Norman Switzer, a Korean War veteran, devised the concept of adding benches to bus stops throughout Los Angeles. In exchange for funding and building the benches, the city awarded his company a 20-year exclusive on advertising.
Norman Bench Ads
Bus-bench ads became known in the industry as “Norman Bench Ads” – a nod to his advertising company and his concept. Switzer later sold the business and became a real estate investor, often working on the properties himself. Norman Switzer died in 2011 at the age of 84.
Irma Switzer, an accomplished weaver, and member of the Palisades Weavers group, physically built two homes in Manhattan Beach with a friend. She died in 2013 at the age of 93.
In their will, the Switzers left $50 million to the David Geffen School of Medicine at UCLA, for use on priorities selected by school leaders. When the gift was announced in 2014, UCLA Chancellor Gene Block called it “an enduring legacy of two people who clearly cared about the future of medicine and science.”

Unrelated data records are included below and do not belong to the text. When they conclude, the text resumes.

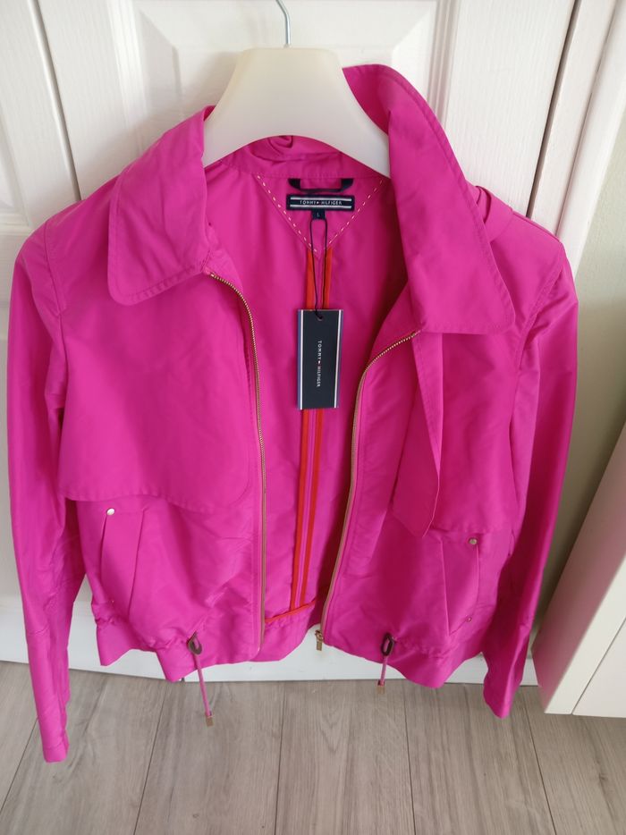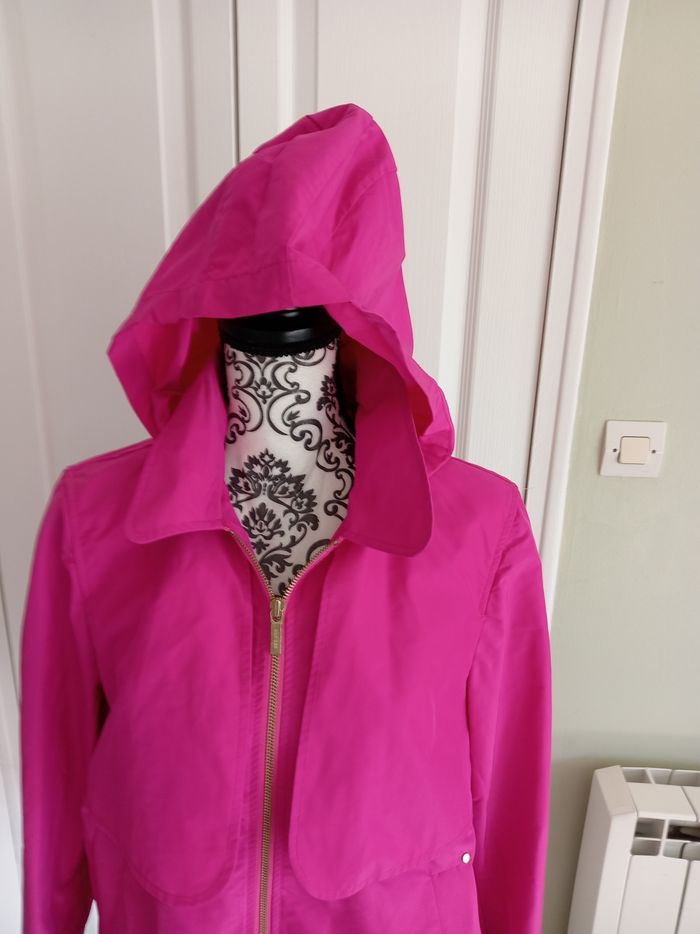Coupe vent taille L, avec fermeture zippée devant, poches, capuche, cordon de serrage sur le bas longueur 60 cm, ideale pour les journées venteuses, neuf étiquette encore accrochée
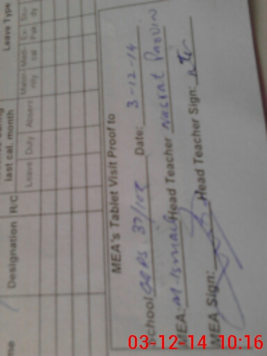 | Attendance Register | Head Teacher | MEA with School | Visit Proof |
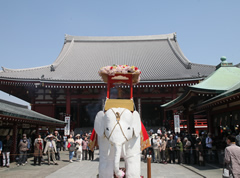 • 毎年、浅草寺では本堂に「仏誕図ぶったんず」を掛けて法要が行われ、本堂前の参道では浅草寺幼稚園園児らの行列が白象びゃくぞうをひいて誕生仏たんじょうぶつに参拝し、甘茶の無料接待などが行われて賑やかにお釈迦さまの誕生を祝う一日となります。
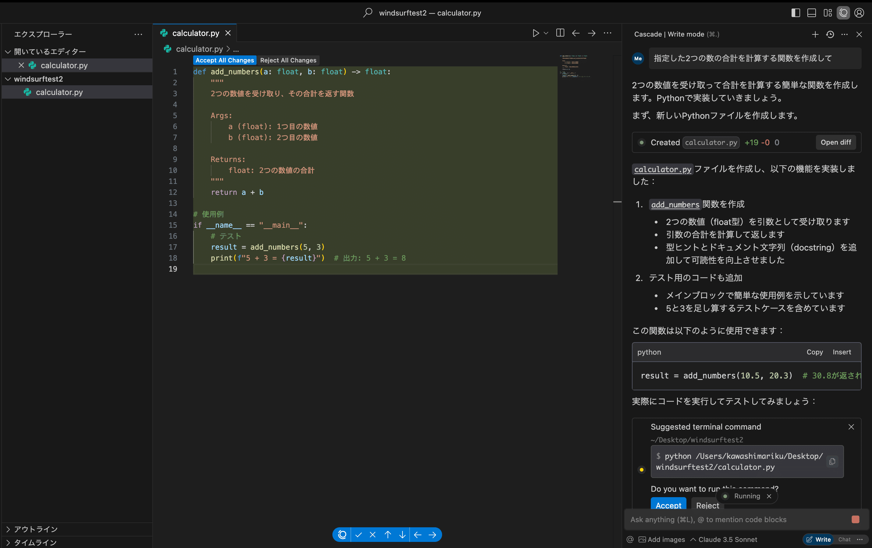 Windsurf Editorの基本的な操作は、VS Codeと共通する部分が多いです。

Repairing People, Making Discoveries
In their honor, the UCLA Health Sciences Plaza has been renamed the Irma and Norman Switzer Plaza – a location traversed by thousands of physicians, scientific researchers, and students.
At the naming ceremony, a friend said Norman Switzer liked to invest in people who knew how to fix things - which is “the heart of medicine, repairing people and making discoveries - and by giving to UCLA, he was giving to the guys who ‘fix stuff’.”
The couple was also involved with the Fowler Museum at UCLA and the Natural History Museum of Los Angeles County.